"Очень оригинально, конечно, но... необычное для молодой девушки увлечение. Панна Иренка такая серьезная ... в их семье давняя связь с Китаем... может стать женой дипломата и вообще ... теперь женщины повсюду стали работать ... вряд ли ей удастся, но ..." -- рассуждающие, рассудительные голоса вокруг, всегда с "но".
"Вот, мы выиграем в лотерею, и вообще, когда поправятся дела" ... -это мама. Счастью, которое должно было непременно свалиться внезапно, вдруг, и совершенно непонятно, почему -- мать была готова сделать уступки. Но, только в таком случае. Ехать заграницу, в чужую страну, одной, без копейки денег -- или подумать о том, как дать Иренке хотя бы самый крохотный прожиточный минимум для ученья -- пусть не китайскому языку, а чему нибудь, все равно чему -- нет, это даже не приходило в голову. "Моя дочь -- на фабрику?!" -- маме от такого предложения сразу грозил сердечный припадок. Работа ей представлялась всегда только на фабрике -- верх вульгарности. Можно вышивать или давать уроки -- это, еще, по бедности... мать строго соблюдала приличия, и несмотря на чай вместо обеда, Иренка не решалась возражать. Усердно готовилась к тому, чтобы давать как можно больше уроков -- гимназию кончила с медалью, сидела дома за толстыми учебниками французского и немецкого языков, за книгами вообще. Удалось достать несколько книг о Китае, конфуцианстве, в городской библиотеке умиляла старичка библиотекаря. Ей даже робко пришло в голову, что могла бы отправиться в китайское посольство -- попросить показать ей хоть несколько иероглифов, но мама сразу оборвала мечты: "Еще за шпионку примут!" Иренке, конечно, показалось это еще интереснее, но и думать было нечего. Говоря об уроках, мать вспомнила кстати, что ее хорошая знакомая была классной дамой по французскому языку в одном из провинциальных институтов. Она живет неподалеку, муж ее инженер, очень интеллигентный человек ... у них Иренка может отшлифовать свой французский, а вместо платы пусть поможет по хозяйству, поштопает что нибудь ... прислуги теперь у Ольги Георгиевны нет, конечно.

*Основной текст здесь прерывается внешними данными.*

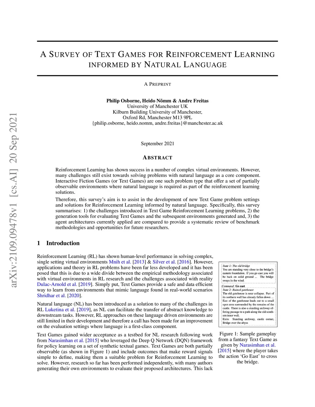 A Survey of Text Games for Reinforcement Learning informed by Natural
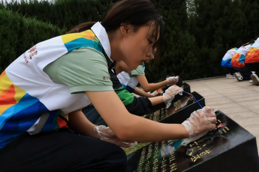 敬献鲜花时,我按顺序上前,将白菊轻轻放在碑前。指尖抚过花瓣,想起曾在西藏为牺牲的边防战士扫墓的场景,同样的肃穆,同样的敬意。随后的描红工作中,我戴上手套,蘸取油漆仔细勾勒碑文。阳光落在碑石上,让逐渐清晰的“烈士永垂不朽”六个字更显庄重,我突然明白:我们描红的不只是文字,更是不能忘却的记忆;就像在高原上巡逻时,每一步都踏在前辈守护过的土地上,每一次坚守都在延续他们的信仰。
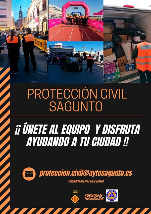 La agrupación de Protección Civil ha proporcionado un cartel que se difundirá por redes y en paneles informativos, donde aparece el correo proteccion.civil@aytosagunto.es, para que cualquier persona mayor de edad y empadronada en la ciudad pueda iniciar las gestiones para unirse como voluntario o voluntaria.
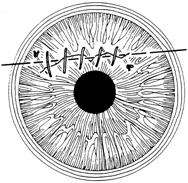 With more complex lacerations, good wound apposition with minimal distortion is the goal. An irregular wound is first subdivided into straight segments with interrupted sutures. Perpendicular areas of the laceration should be sutured before beveled ones to achieve watertight closure with the fewest number of sutures. As suggested by Rowsey and Hays,7 long, deep, and relatively tight peripheral wound sutures in combination with shorter, shallower, appositional sutures near the visual axis may help restore the normal corneal contour by restoring the relatively steep central corneal dome (Fig. 8). For irregular or curvilinear lacerations, all interrupted sutures should be placed perpendicular to the wound, thus avoiding transverse shifting of the wound margins. Although a running shoestring suturing technique may be used with straight lacerations to minimize astigmatism and facilitate subsequent suture removal, a running suture may tend to distort an irregular or curvilinear laceration because it will tend to form a straight line. Thus, if used, running suture bites should be placed perpendicular to and equidistant from an imaginary “regression” line through the wound rather than with respect to the wound itself (Fig. 9).
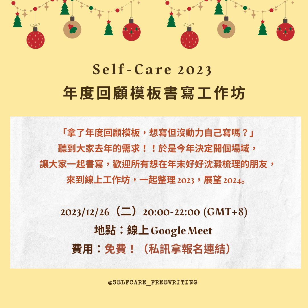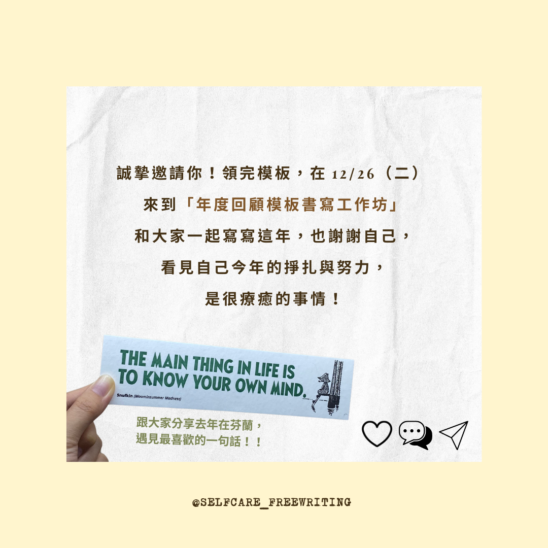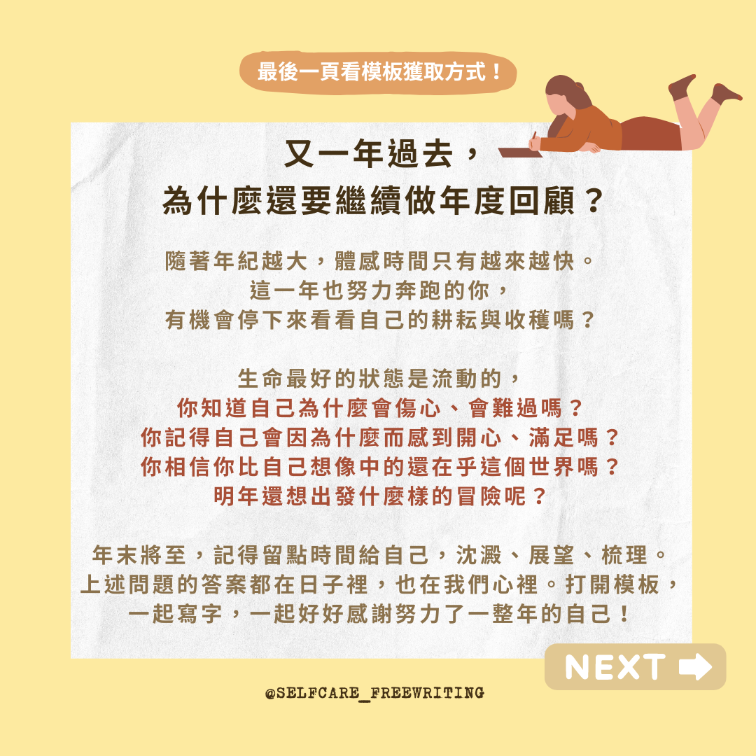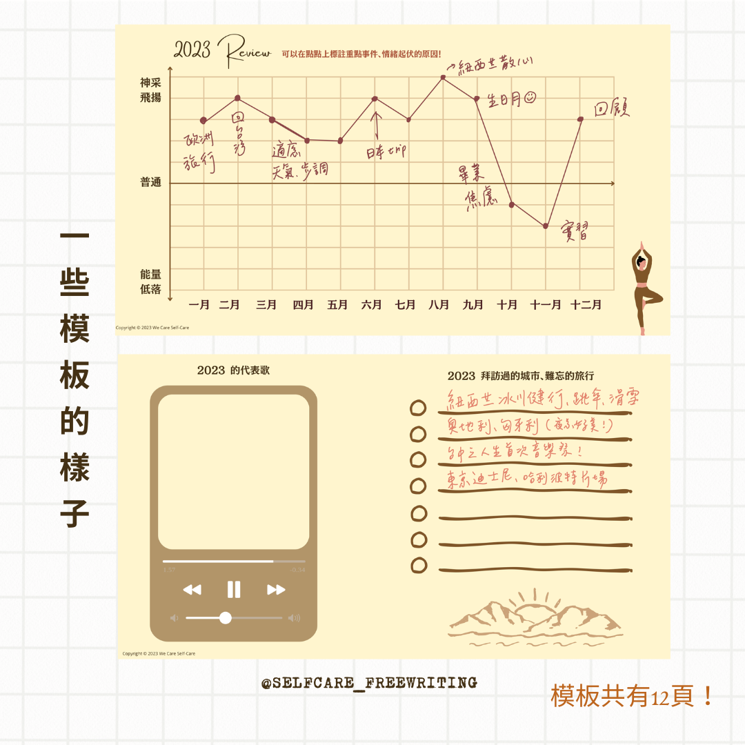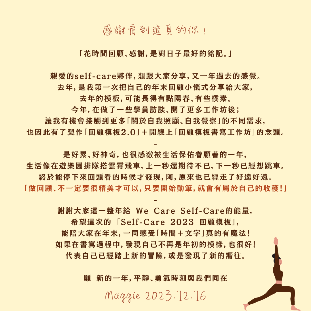 希望這次的 「Self-Care #2023回顧模板」,能陪大家在年末,找到一些內在本有的能量,一同感受「時間+文字」真的有魔法!如果在書寫過程中,發現自己不再是年初的模樣,也很好!代表自己已經踏上新的冒險,或是發現了新的嚮往。

... Вот семнадцатилетние, проходящие теперь мимо, живут совсем другой жизнью. Отцы и дети -- теперь, при гибели целых миров... Но что так страшно отличает молодость пани Ирены от вот этой группы студенток?
Да, за ее спиной рушился тогда целый мир -- ее родителей и ее собственный кусочек его. Но здесь, в Германии, да и в других европейских странах после теперешней войны тоже рухнул прежний мир -- для нее уже второй раз, она в поколении тех, у кого эти дети.
Усмехнулась и совсем ясно поставила панночку Иренку в семнадцатую весну -- рядом с собой. Для нее тогда было поколение мамы, Ольги Георгиевны, еще одной вдовы директора, бывших офицеров и пожилых дам, которых из вежливости нельзя было назвать старухами. Относилась с большим уважением: кем они только не были, чего только не знали и не видели я жизни, столько прекрасного, и конечно все гораздо умнее, опытнее ее. Иногда становилось страшновато: неужели я тоже стану такой, в каком то чужом, непонятном мире, и будет такая же дряблая шея, мешки под глазами, подкрашенные губы, а в волосах все седые, седые нити... и ничего не останется, чему можно радоваться? Как они могут жить так -- без надежды, потому что как же может жить человек, которому уже сорок, пятьдесят лет, и у него рушился его мир?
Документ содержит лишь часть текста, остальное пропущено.